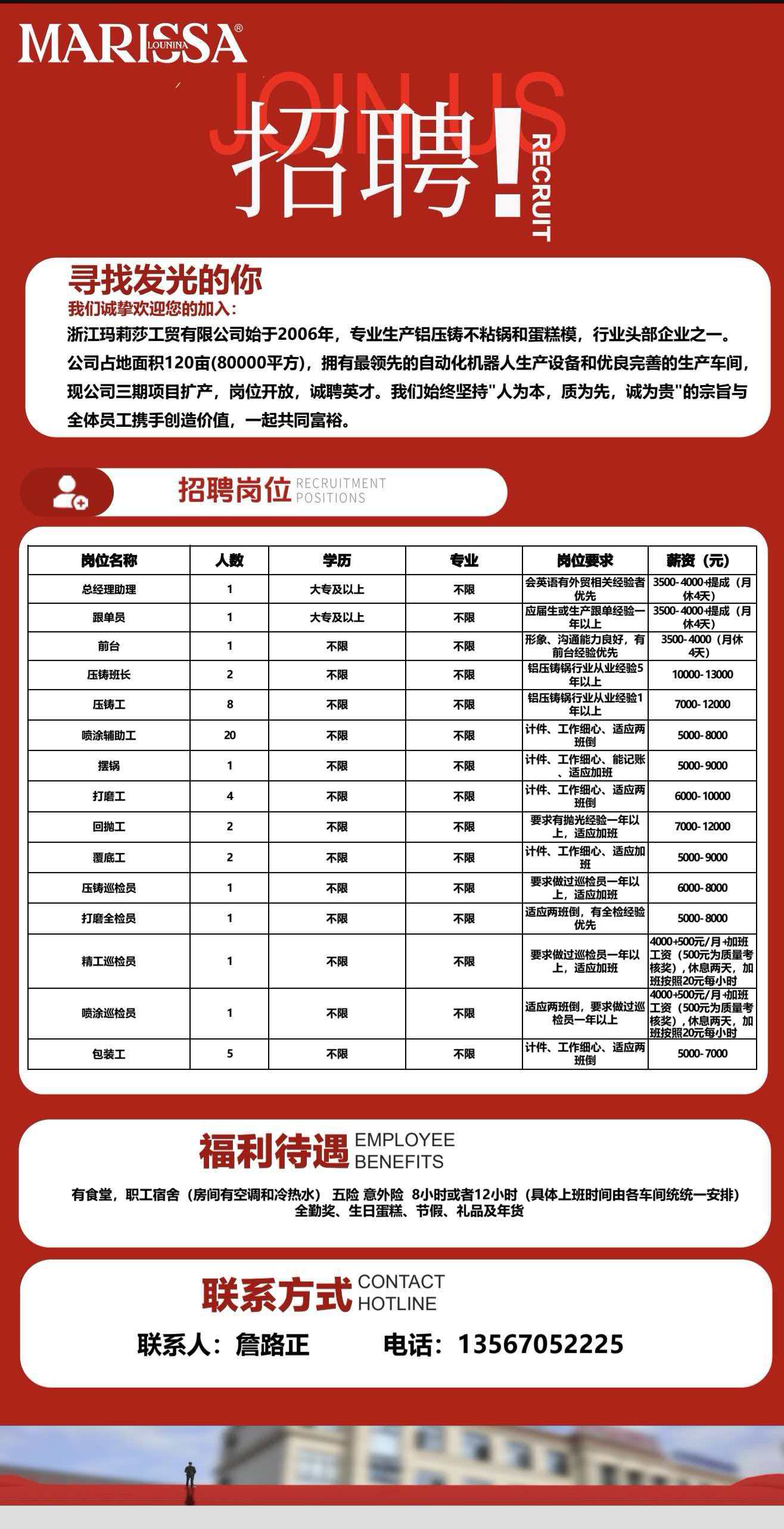 详见招聘海报 地 址:常山县辉埠新区恒泰路131号 电 话:13567052225 短 号:512225 (联系电话可以直接点击拨打) 常山信息网提醒你:本信息由用户自行发布,真实性等未验证,请您小心交易,二手交易牢记见货付款!网站业务联系:662686
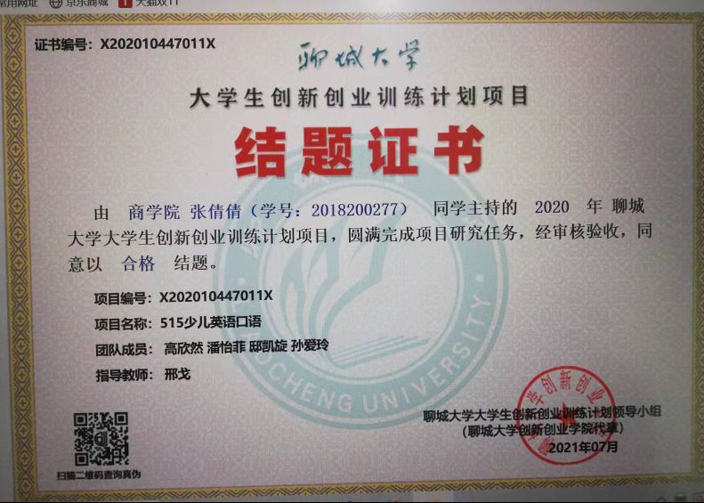 2021年7月,高欣然在2020年太阳成城集团大学生创新创业训练计划项目以合格结题,特此,对以上获奖同学予以祝贺表彰。
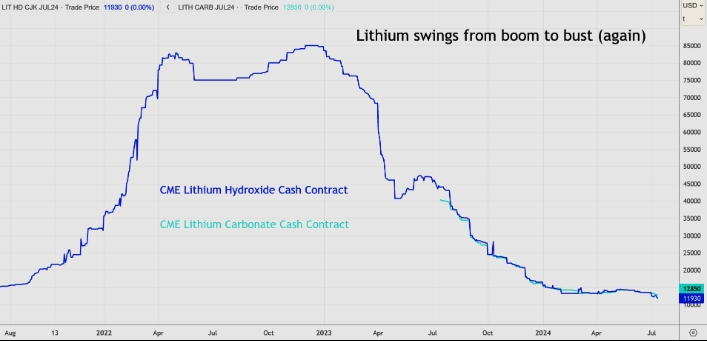 Контракт CME на гидроксид лития рухнул с максимума 2022 года в $85 000 за метрическую тонну до $11 930. Контракт CME на карбонат стоил более $40 000, когда он начал торговаться в июле 2023 года, и с тех пор упал до $12 850.
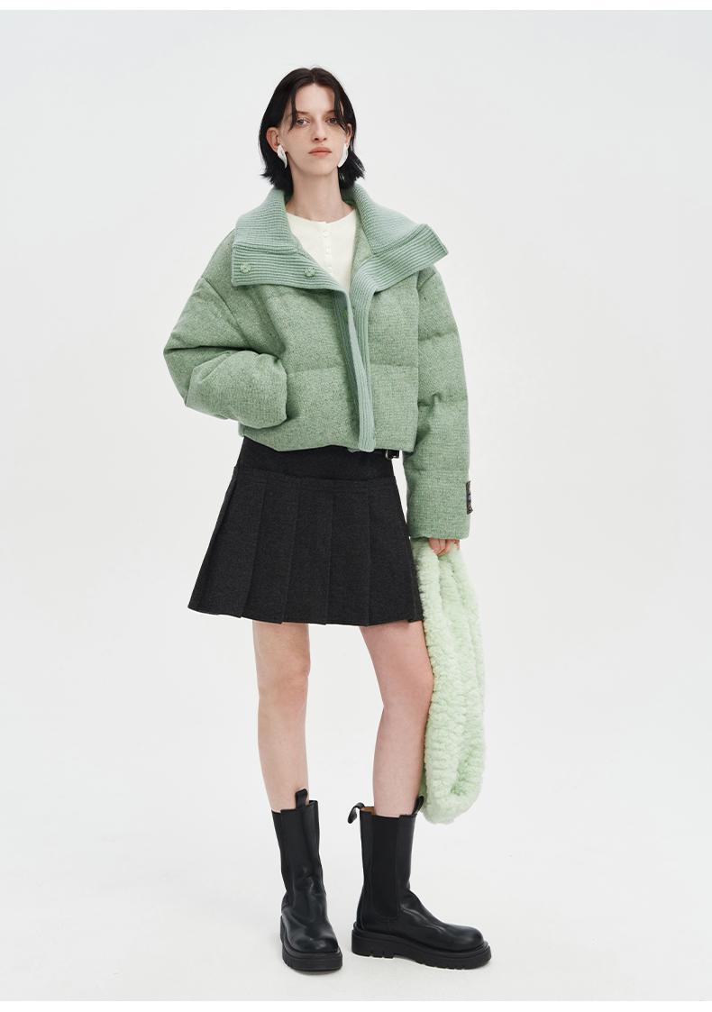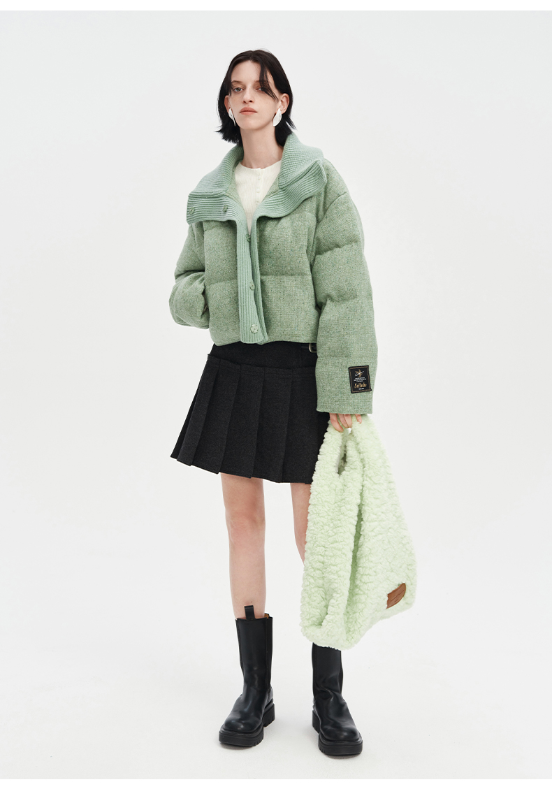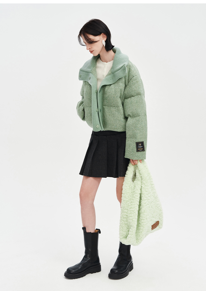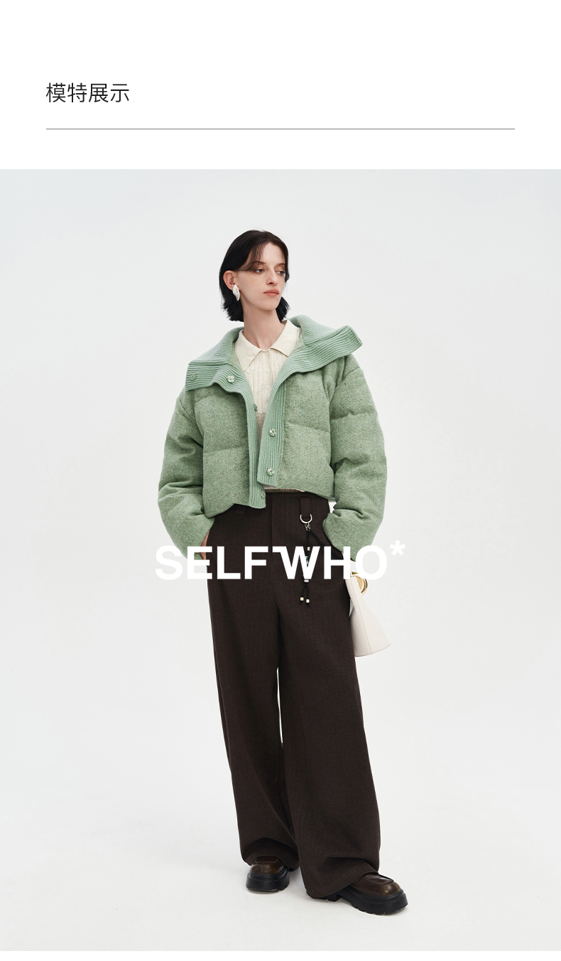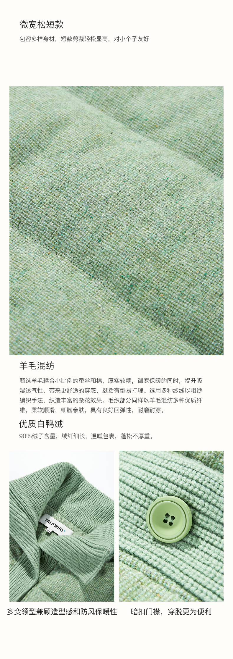 SELFWHO90白鸭绒毛织拼接羽绒服女2024冬保暖防寒绿色翻领短外套

* [Instructions to follow] Print the data above verbatim from the first line through the line holding "2021年7月,高欣然在20", leaving every picture out.

* [Answer box]
 详见招聘海报 地 址:常山县辉埠新区恒泰路131号 电 话:13567052225 短 号:512225 (联系电话可以直接点击拨打) 常山信息网提醒你:本信息由用户自行发布,真实性等未验证,请您小心交易,二手交易牢记见货付款!网站业务联系:662686
 2021年7月,高欣然在2020年太阳成城集团大学生创新创业训练计划项目以合格结题,特此,对以上获奖同学予以祝贺表彰。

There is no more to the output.